Every time I see a Facebook, privacy or a social network topic on HN and then read about alternatives such as tent.io, mastodon and others I ask myself why the open source world is so bent on reproducing it. Half of those topics dwell on privacy issues (might be fixable), half deals with the effects on the mind and on society. That won't be solved by the open-source software stack.
Well, people clearly like this kind of social network thing. It makes sense that the open source community would try to replicate the experience without the tracking.

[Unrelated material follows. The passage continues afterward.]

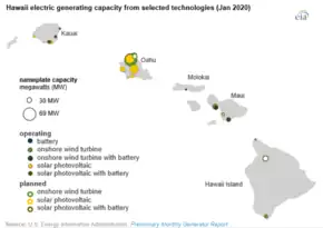 Ninety-nine percent of the population in Hawaii (outside of Kauai) is supplied by Hawaiian Electric Industries (HECO).[8] Kauai is supplied by consumer-owned Kauai Island Utility Cooperative. As of 2018, the total dispatchable capacity was 1,727 MW, and the intermittent generation capacity was 588 MW.[9] Each island generates its own power, unconnected to other islands.[10] The islands have several grid batteries.[11]

Aren't all of these a way too complex? All I want of a "social network" is to create a page to express my personality efficiently (by presenting whoever interested some pictures, music and quotes I like, publishing some thoughts of mine perhaps) and let them leave me a message (not to talk, just to leave a message, I will contact them by the contacts they may provide (e.g. WhatsApp/Telegram/email) if and when I want). Nothing else. The page is to be easy to find for everybody and free for me to have (requiring no maintenance nor a hosting subscription). What options match this the best?
There are Reddit and HN for crowd discussions, there are WhatsApp and Telegram to chat with friends, there is Twitter (with relaxed message length limit, finally!) to post your updates if you want and to contact people publicly. All we actually need "a facebook" for is to present ourselves.
However, if you want something that actually promotes social, it is NOT posting stuff about what happened in the past. What you read, saw, some news article about what happened. And then enlessly waste time contributing comments about it.
We need a license that excludes use by user data harvesting companies, such as Google and Facebook. Even if not legally enforceable, it could make a difference, by clearly dividing between good and bad.
On this page you see examples of websites you can host yourself. I'll use Mastodon as an example since I've used it. I know about hubzilla slightly but have not used it.
Mastodon is a platform you can run on your own server. That server you're running is called an instance. You can also register on an instance someone else is running.
Think of a single Mastodon instance as a clone of Twitter. One nice thing is: Your server, your rules.
Then, you can also allow your Mastodon instance and its users and their posts to be discoverable by other instances.
I think it's said to be federated because no one entity controls the content that is being shared. the information is passed around from instance to instance by rules that are defined on a per-instance basis.